The Centers for Disease Control and Prevention recommends universal mask-wearing in school settings to prevent the spread of COVID-19.

“By discouraging families and school districts from following this guidance, the conditions referenced above undermine efforts to stop the spread of COVID-19,” the Treasury Department wrote in last week’s letter.

The Treasury Department started demanding that Ducey change the programs in October. It was part of a concerted effort to force Arizona and some other Republican-led states that have opposed mask mandates or were using pandemic funding to advance their own agendas to end those practices.

Ducey rejected Treasury's request the following month, and last week the Biden administration followed up with a formal demand that it cease using the money for the disputed programs or face either repayment demands or withholding of additional money it is set to receive under Biden's COVID relief bill.

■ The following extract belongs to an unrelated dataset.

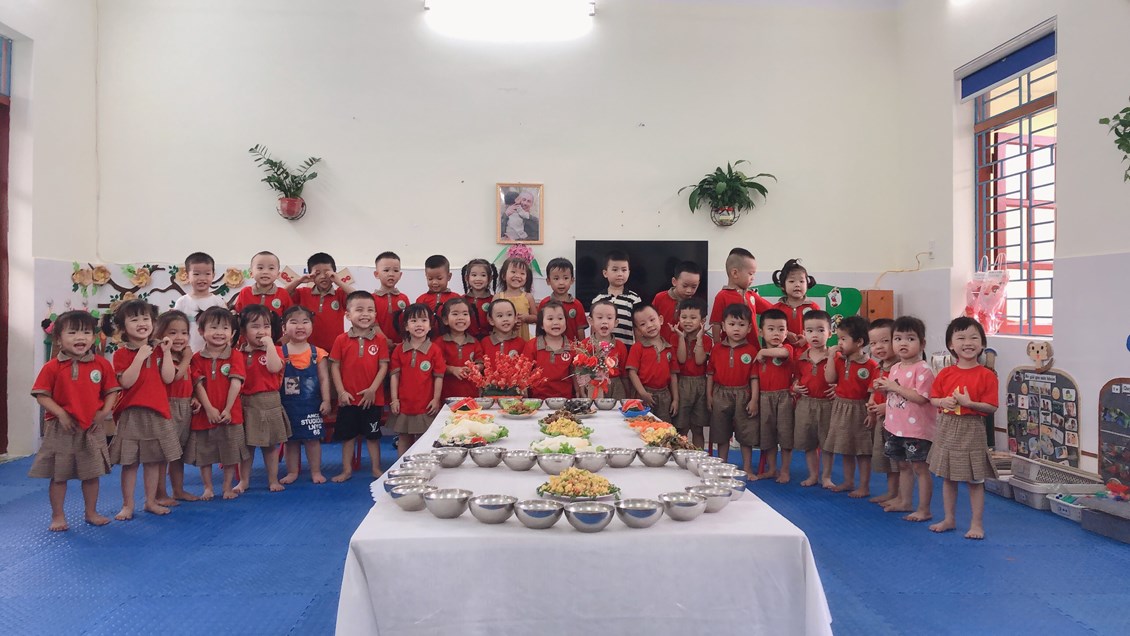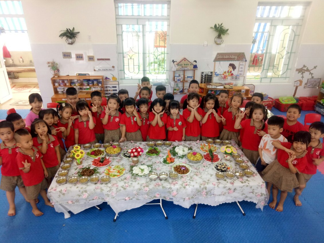 Những món ăn được chế biến cầu kì theo sở thích và khẩu vị của bé. Đồng thời yếu tố thẩm mỹ cũng được đặc biệt chú trọng. Bởi hơn ai hết các cô nuôi dưỡng của nhà trường hiểu rằng, chỉ khi chinh phục được thị giác của trẻ thì các con mới sẵn sàng trải nghiệm những món ăn mới. Vì thế bàn tiệc của cô trò MN Bắc Sơn luôn được tô điểm bởi những bông hoa đủ hương sắc!
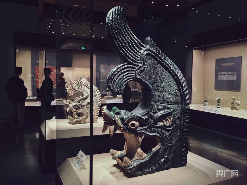 琉璃鸱吻展品威严陈列于展柜中(央广网发 马秀莲 摄)

Friday's lawsuit said the Treasury Department initially recognized that states have "broad latitude to choose whether and how to use the (money) to respond to and address the negative economic impact” of COVID-19. But then it changed course, and created the new rules, the suit said.

The Treasury Department said it backs its decisions on the rules.

“Treasury believes the rule is correct and allowed by the statute and Constitution," spokesperson Dayanara Ramirez said.

At issue are two state programs the Republican governor created last summer meant to help schools and students.

Arizona’s Education Plus-Up Grant Program provides $163 million in funding to schools in higher-income areas that received less than $1,800 per student in federal virus aid. Districts that require face coverings or that have closed due to virus outbreaks are ineligible.

Another called the COVID-19 Educational Recovery Benefit Program provides for up to $7,000 for parents if their child’s school requires face coverings or quarantines after exposure. It lets parents use the money for private school tuition or other education costs and its design mirrors the state’s existing school voucher program.

In a letter sent last week, the Treasury Department warned that the state has 60 days to remove the anti-masking provisions before the federal government moves to recover the relief money, and it threatened to withhold the next tranche of aid as well.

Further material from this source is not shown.